[Items from a data source]

----

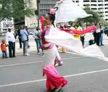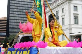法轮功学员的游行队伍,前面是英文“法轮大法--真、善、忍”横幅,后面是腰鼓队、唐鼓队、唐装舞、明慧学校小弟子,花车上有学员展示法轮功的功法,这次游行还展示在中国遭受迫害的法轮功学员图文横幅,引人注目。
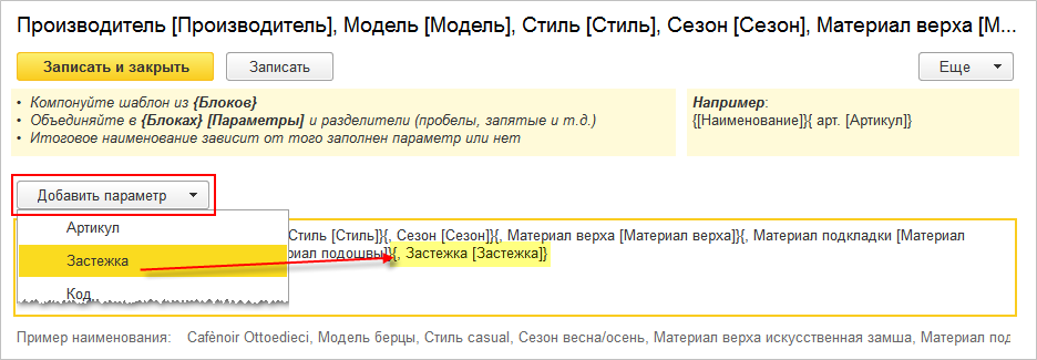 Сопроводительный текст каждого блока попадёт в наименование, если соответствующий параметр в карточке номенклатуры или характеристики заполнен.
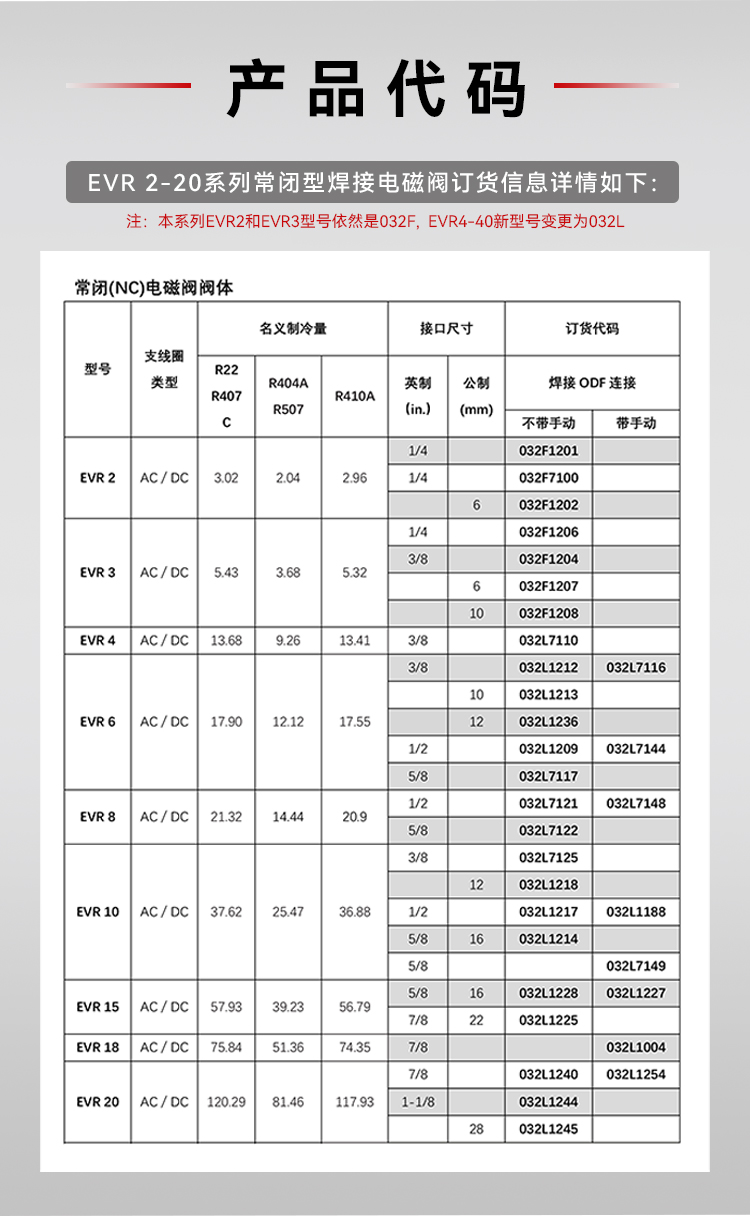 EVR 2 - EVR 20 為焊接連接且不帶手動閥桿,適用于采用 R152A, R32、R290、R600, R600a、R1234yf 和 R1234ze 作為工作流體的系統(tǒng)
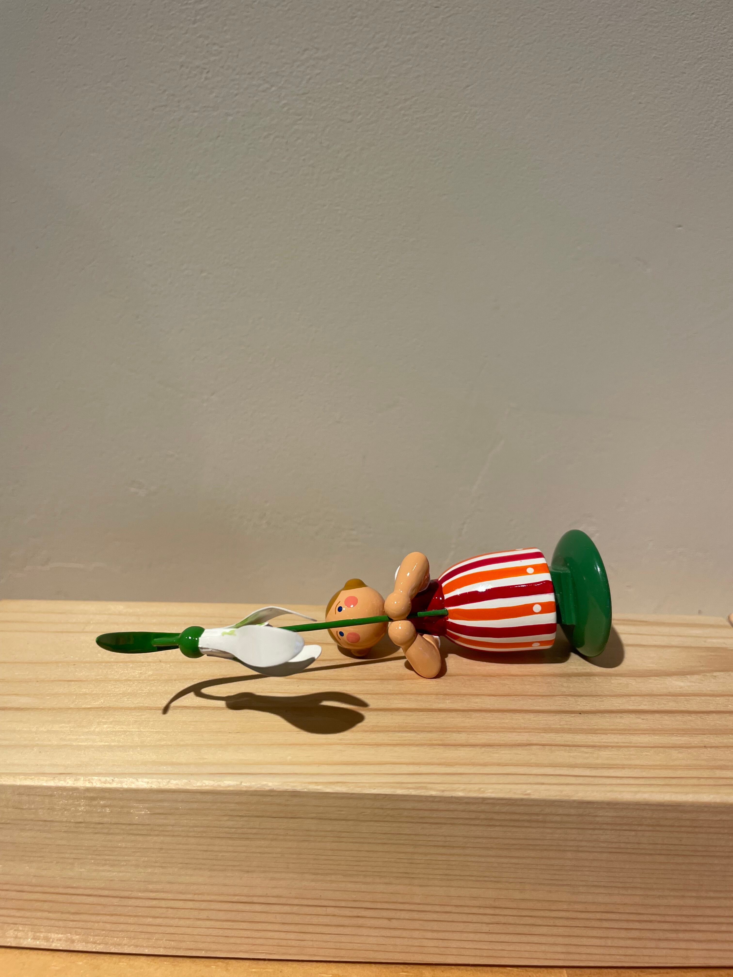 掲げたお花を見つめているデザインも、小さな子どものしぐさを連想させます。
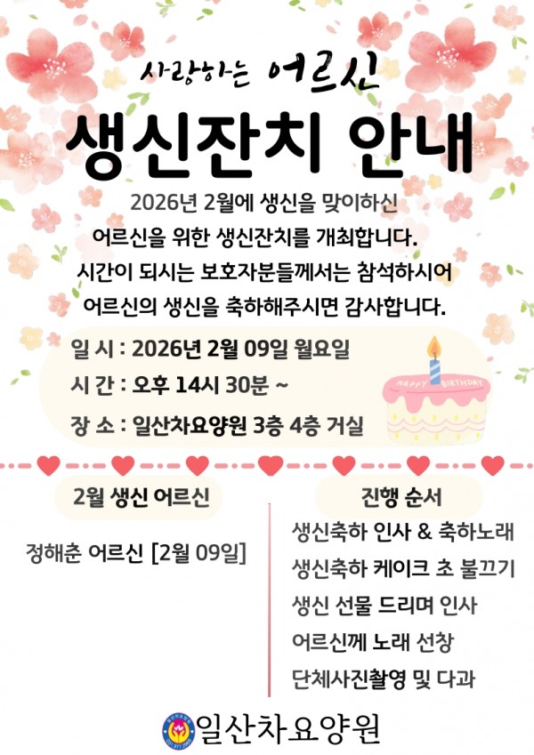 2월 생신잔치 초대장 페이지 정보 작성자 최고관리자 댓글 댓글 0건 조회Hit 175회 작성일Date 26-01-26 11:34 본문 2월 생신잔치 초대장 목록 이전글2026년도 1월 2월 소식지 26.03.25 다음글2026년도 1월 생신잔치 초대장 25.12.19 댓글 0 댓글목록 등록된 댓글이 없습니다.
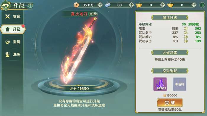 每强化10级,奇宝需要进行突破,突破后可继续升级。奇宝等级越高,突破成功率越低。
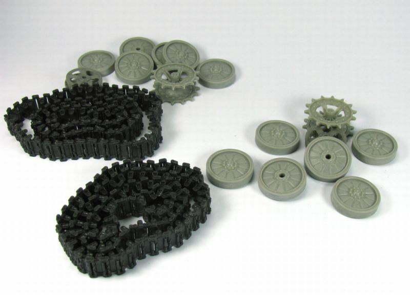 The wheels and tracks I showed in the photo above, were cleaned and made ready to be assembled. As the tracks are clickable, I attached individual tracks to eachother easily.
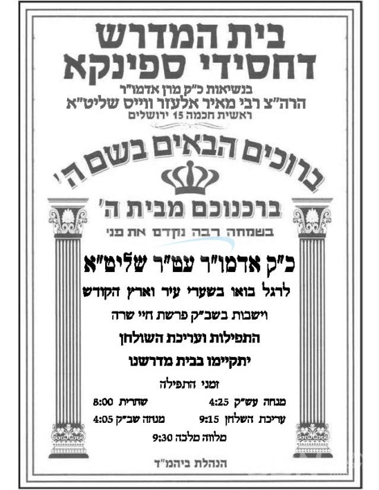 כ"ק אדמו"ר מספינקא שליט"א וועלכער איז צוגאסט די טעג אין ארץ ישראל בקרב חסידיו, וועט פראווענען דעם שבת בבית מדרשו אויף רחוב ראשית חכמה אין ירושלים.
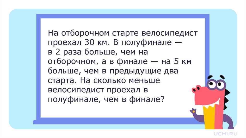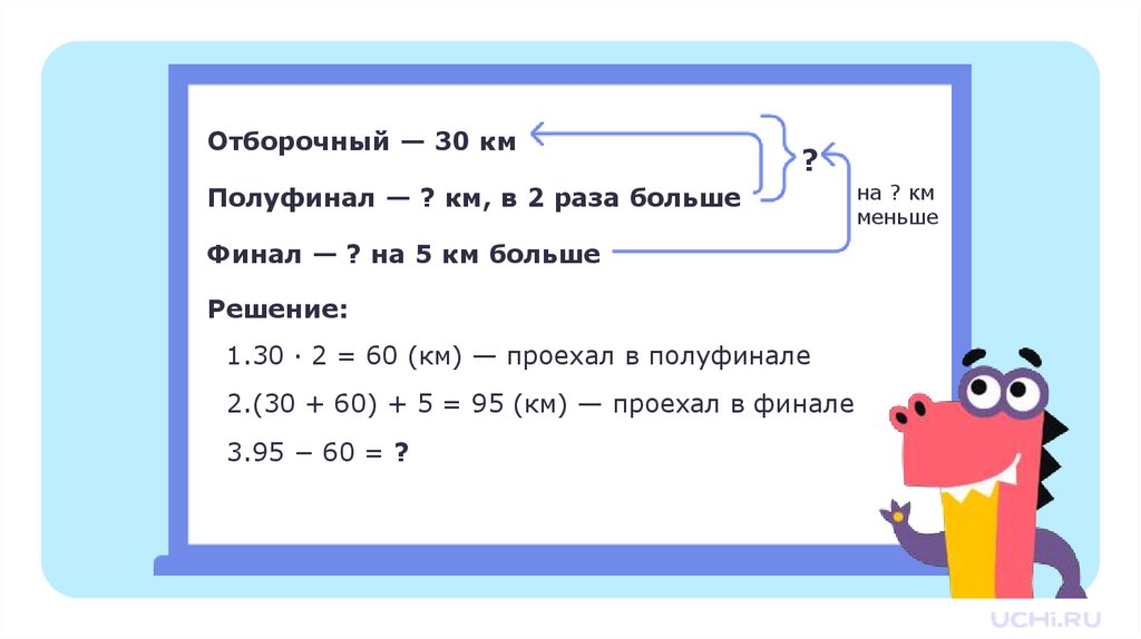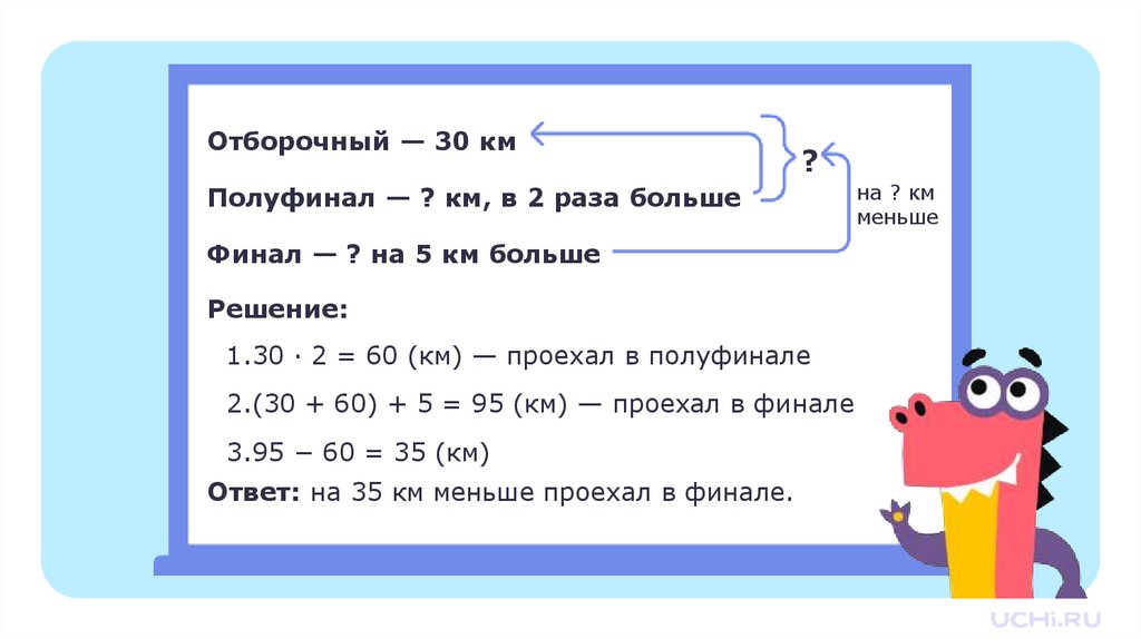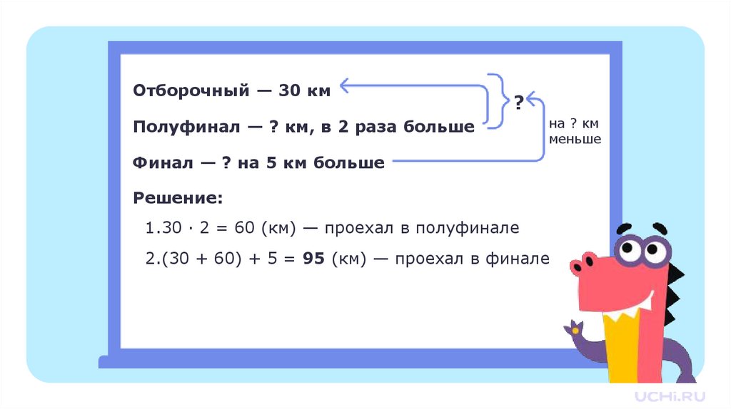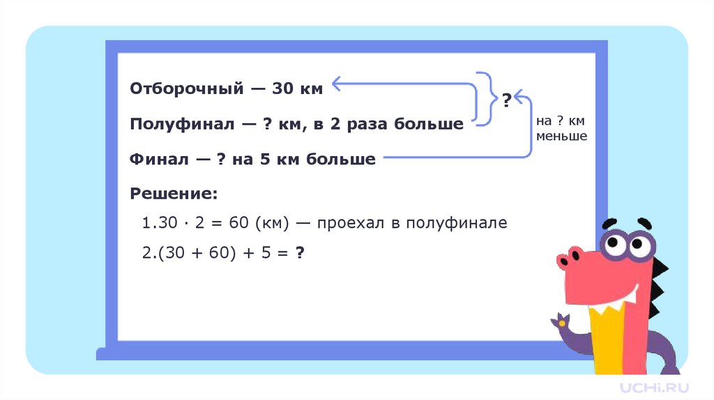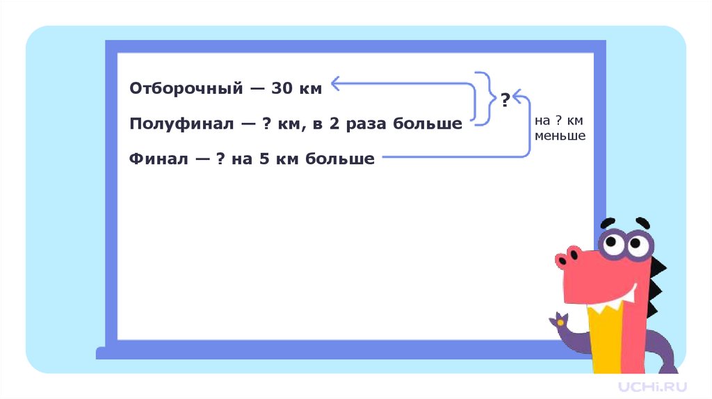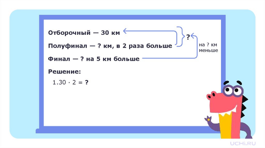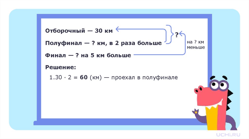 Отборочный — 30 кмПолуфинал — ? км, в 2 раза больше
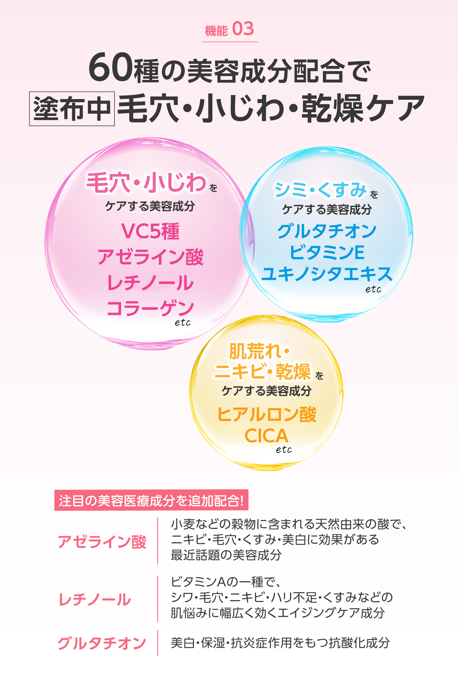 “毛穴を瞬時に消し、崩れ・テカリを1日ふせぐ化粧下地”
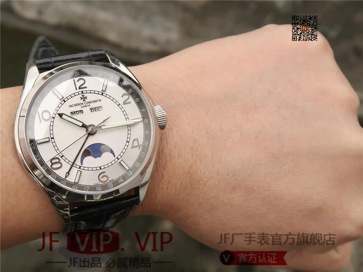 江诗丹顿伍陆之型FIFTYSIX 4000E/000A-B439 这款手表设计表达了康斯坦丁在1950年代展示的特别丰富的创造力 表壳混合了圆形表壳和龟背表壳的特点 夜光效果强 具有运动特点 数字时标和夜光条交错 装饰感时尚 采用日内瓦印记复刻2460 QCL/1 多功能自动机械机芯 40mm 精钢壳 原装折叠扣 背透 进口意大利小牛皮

----

* REQUIRED ACTION *
When you reach the line containing "每强化10级,奇宝需要进行突" in the entries above, begin restating word for word, and stop once the line containing "The wheels and" has been given. Omit the pictures.

* TASK RESPONSE *
 每强化10级,奇宝需要进行突破,突破后可继续升级。奇宝等级越高,突破成功率越低。
 The wheels and tracks I showed in the photo above, were cleaned and made ready to be assembled. As the tracks are clickable, I attached individual tracks to eachother easily.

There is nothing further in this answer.